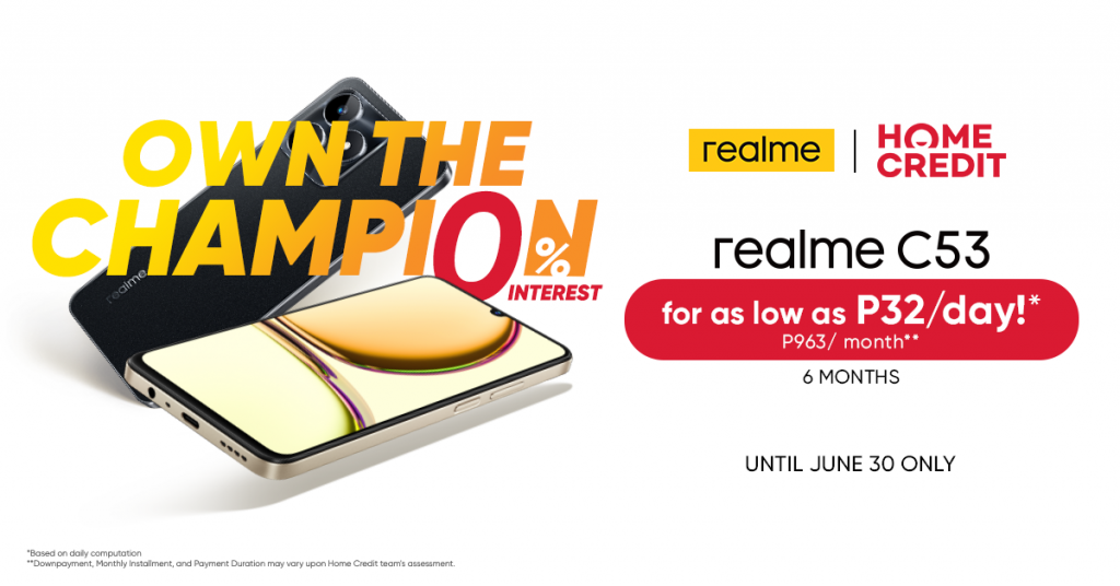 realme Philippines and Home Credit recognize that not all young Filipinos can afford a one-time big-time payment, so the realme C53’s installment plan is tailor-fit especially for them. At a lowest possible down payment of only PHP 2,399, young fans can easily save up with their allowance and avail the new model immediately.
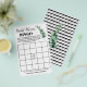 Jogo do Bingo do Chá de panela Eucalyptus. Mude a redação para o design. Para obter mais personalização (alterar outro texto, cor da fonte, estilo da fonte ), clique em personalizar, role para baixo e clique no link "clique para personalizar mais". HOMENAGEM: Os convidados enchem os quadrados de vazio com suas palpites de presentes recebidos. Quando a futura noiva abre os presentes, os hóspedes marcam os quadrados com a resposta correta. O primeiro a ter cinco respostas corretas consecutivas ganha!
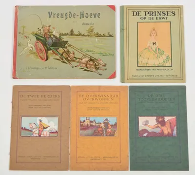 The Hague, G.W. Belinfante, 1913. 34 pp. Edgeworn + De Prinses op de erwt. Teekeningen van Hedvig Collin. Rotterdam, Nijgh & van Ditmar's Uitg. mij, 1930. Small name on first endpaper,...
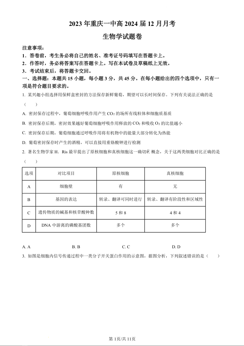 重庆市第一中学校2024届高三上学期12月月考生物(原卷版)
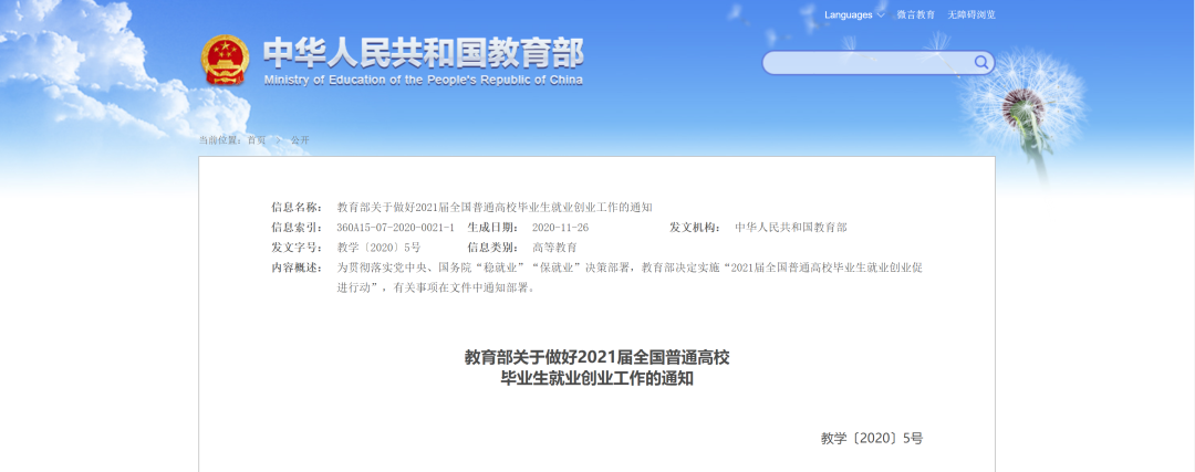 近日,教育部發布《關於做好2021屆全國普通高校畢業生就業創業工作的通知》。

(What you are asked to do):
Pictures within the entries must not be reproduced; everything else is to be restated verbatim.

(Solved problem):
 realme Philippines and Home Credit recognize that not all young Filipinos can afford a one-time big-time payment, so the realme C53’s installment plan is tailor-fit especially for them. At a lowest possible down payment of only PHP 2,399, young fans can easily save up with their allowance and avail the new model immediately.
 Jogo do Bingo do Chá de panela Eucalyptus. Mude a redação para o design. Para obter mais personalização (alterar outro texto, cor da fonte, estilo da fonte ), clique em personalizar, role para baixo e clique no link "clique para personalizar mais". HOMENAGEM: Os convidados enchem os quadrados de vazio com suas palpites de presentes recebidos. Quando a futura noiva abre os presentes, os hóspedes marcam os quadrados com a resposta correta. O primeiro a ter cinco respostas corretas consecutivas ganha!
 The Hague, G.W. Belinfante, 1913. 34 pp. Edgeworn + De Prinses op de erwt. Teekeningen van Hedvig Collin. Rotterdam, Nijgh & van Ditmar's Uitg. mij, 1930. Small name on first endpaper,...
 重庆市第一中学校2024届高三上学期12月月考生物(原卷版)
 近日,教育部發布《關於做好2021屆全國普通高校畢業生就業創業工作的通知》。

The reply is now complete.